=== What is needed ===
Return all the data below as it stands, minus the pictures.

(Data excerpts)
-=-=-=-=-
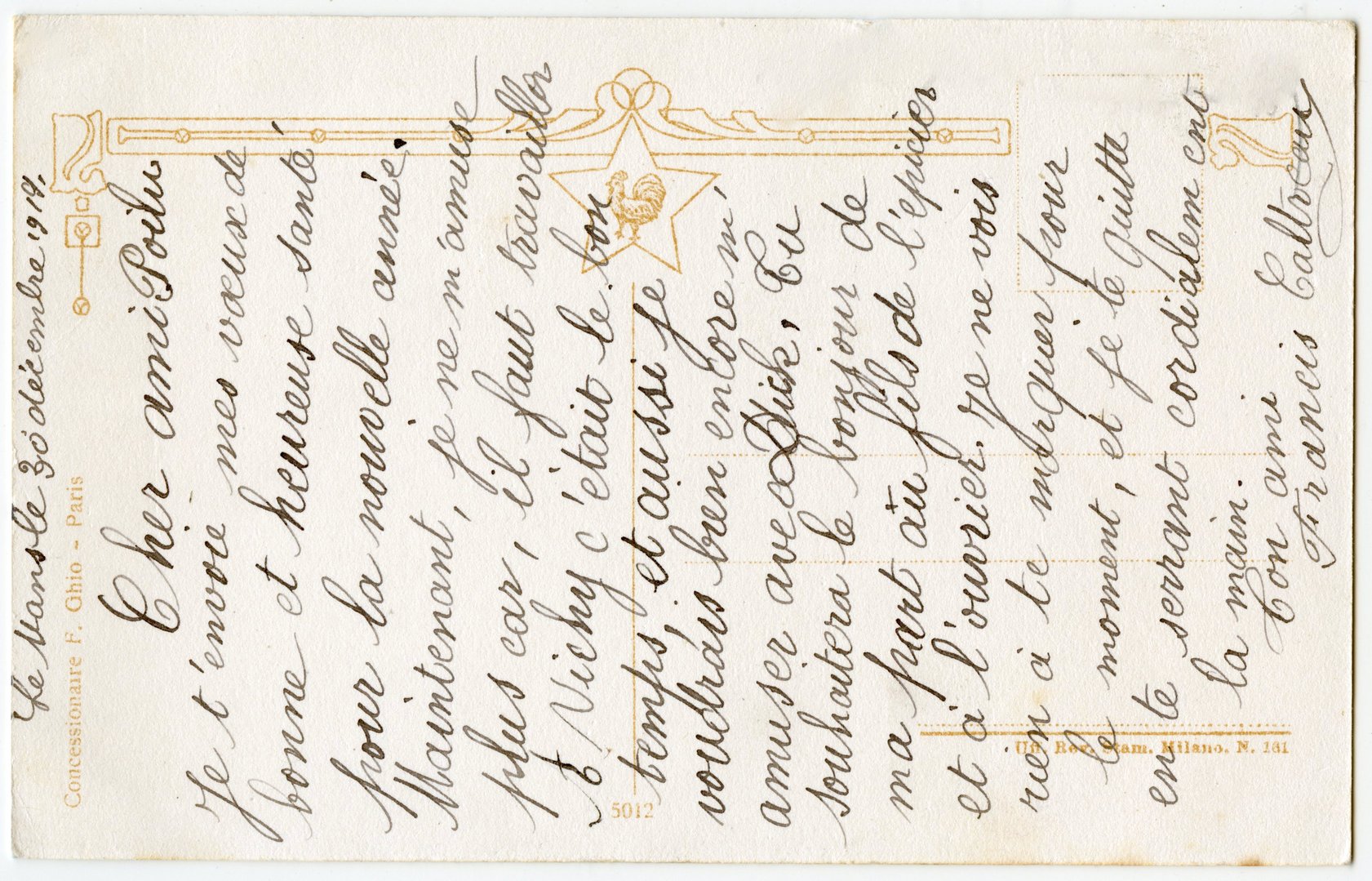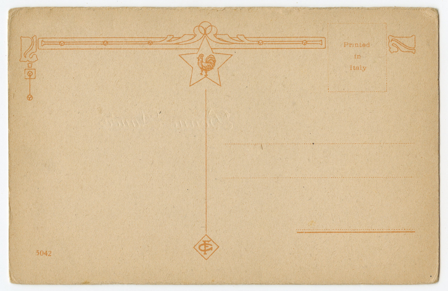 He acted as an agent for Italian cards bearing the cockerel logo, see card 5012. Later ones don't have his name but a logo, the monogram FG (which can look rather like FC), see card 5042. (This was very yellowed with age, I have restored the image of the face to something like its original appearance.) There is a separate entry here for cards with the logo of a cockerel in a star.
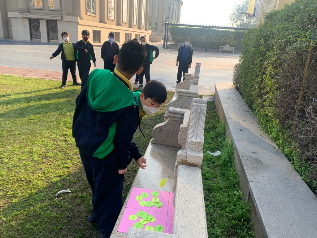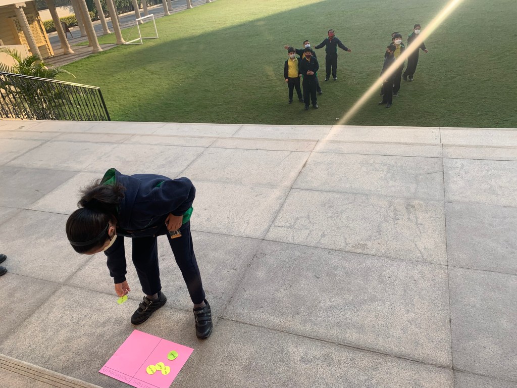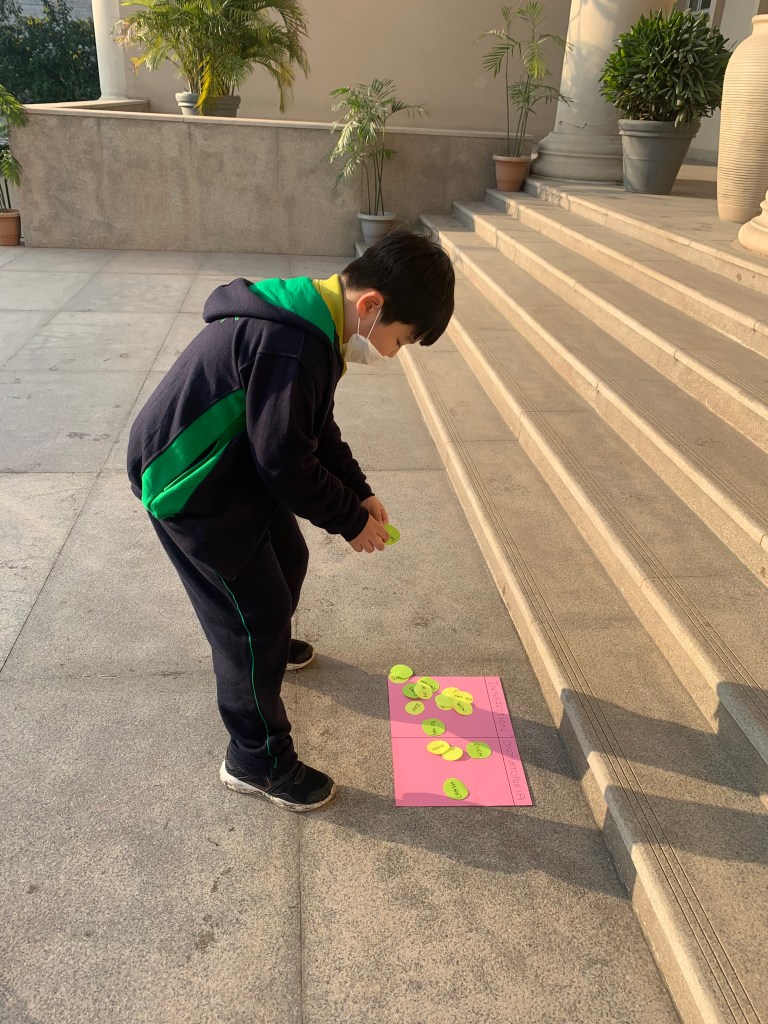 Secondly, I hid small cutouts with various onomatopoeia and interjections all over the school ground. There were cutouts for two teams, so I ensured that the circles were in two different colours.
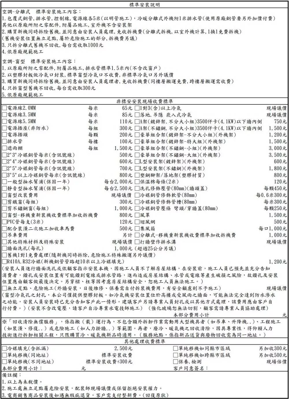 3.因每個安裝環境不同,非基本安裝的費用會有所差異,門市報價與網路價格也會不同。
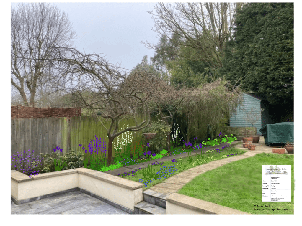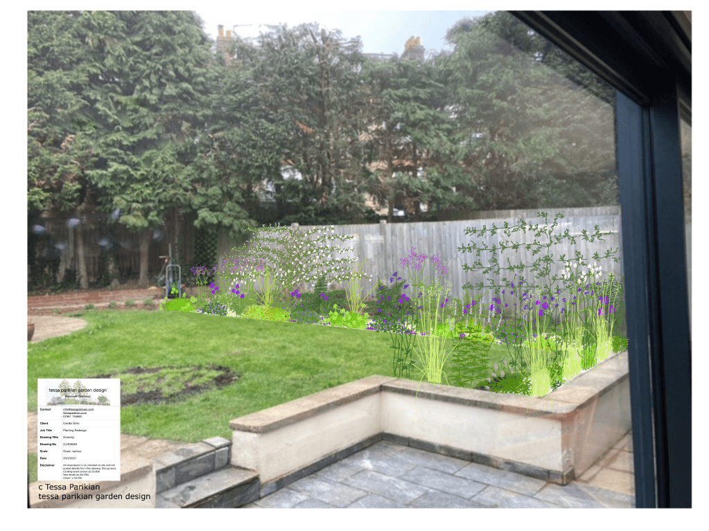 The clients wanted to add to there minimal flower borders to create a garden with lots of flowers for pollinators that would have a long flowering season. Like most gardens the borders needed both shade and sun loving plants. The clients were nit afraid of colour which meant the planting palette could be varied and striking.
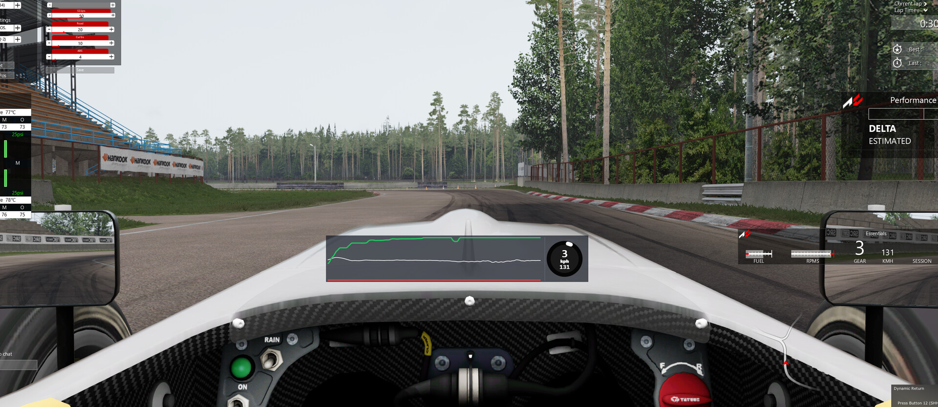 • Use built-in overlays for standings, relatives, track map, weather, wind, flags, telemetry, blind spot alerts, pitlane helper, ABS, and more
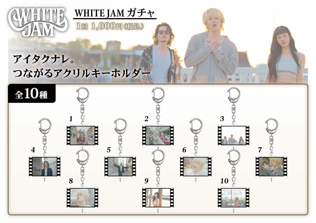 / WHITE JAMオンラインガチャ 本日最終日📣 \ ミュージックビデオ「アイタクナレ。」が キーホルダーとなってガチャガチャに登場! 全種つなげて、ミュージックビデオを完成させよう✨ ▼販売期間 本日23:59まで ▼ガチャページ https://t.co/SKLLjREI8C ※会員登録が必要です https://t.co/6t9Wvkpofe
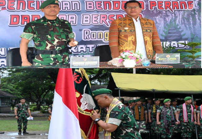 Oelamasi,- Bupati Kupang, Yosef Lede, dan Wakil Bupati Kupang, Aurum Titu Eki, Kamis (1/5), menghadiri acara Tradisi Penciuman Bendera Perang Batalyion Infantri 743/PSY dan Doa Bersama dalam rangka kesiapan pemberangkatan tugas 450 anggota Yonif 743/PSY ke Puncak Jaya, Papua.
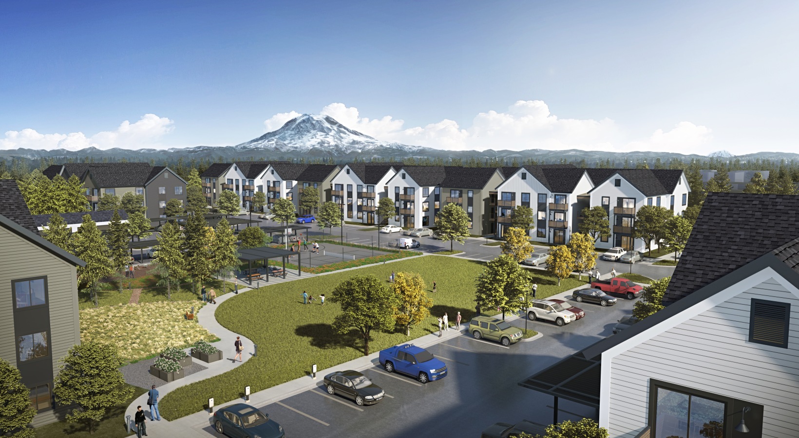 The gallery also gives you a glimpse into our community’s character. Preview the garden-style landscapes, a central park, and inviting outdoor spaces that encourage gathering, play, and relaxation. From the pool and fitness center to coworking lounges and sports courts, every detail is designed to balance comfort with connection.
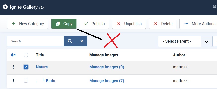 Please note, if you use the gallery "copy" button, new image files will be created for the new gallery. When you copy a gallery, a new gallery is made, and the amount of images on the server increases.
-=-=-=-=-
=== Solution to this exercise ===
 He acted as an agent for Italian cards bearing the cockerel logo, see card 5012. Later ones don't have his name but a logo, the monogram FG (which can look rather like FC), see card 5042. (This was very yellowed with age, I have restored the image of the face to something like its original appearance.) There is a separate entry here for cards with the logo of a cockerel in a star.
 Secondly, I hid small cutouts with various onomatopoeia and interjections all over the school ground. There were cutouts for two teams, so I ensured that the circles were in two different colours.
 3.因每個安裝環境不同,非基本安裝的費用會有所差異,門市報價與網路價格也會不同。
 The clients wanted to add to there minimal flower borders to create a garden with lots of flowers for pollinators that would have a long flowering season. Like most gardens the borders needed both shade and sun loving plants. The clients were nit afraid of colour which meant the planting palette could be varied and striking.
 • Use built-in overlays for standings, relatives, track map, weather, wind, flags, telemetry, blind spot alerts, pitlane helper, ABS, and more
 / WHITE JAMオンラインガチャ 本日最終日📣 \ ミュージックビデオ「アイタクナレ。」が キーホルダーとなってガチャガチャに登場! 全種つなげて、ミュージックビデオを完成させよう✨ ▼販売期間 本日23:59まで ▼ガチャページ https://t.co/SKLLjREI8C ※会員登録が必要です https://t.co/6t9Wvkpofe
 Oelamasi,- Bupati Kupang, Yosef Lede, dan Wakil Bupati Kupang, Aurum Titu Eki, Kamis (1/5), menghadiri acara Tradisi Penciuman Bendera Perang Batalyion Infantri 743/PSY dan Doa Bersama dalam rangka kesiapan pemberangkatan tugas 450 anggota Yonif 743/PSY ke Puncak Jaya, Papua.
 The gallery also gives you a glimpse into our community’s character. Preview the garden-style landscapes, a central park, and inviting outdoor spaces that encourage gathering, play, and relaxation. From the pool and fitness center to coworking lounges and sports courts, every detail is designed to balance comfort with connection.
 Please note, if you use the gallery "copy" button, new image files will be created for the new gallery. When you copy a gallery, a new gallery is made, and the amount of images on the server increases.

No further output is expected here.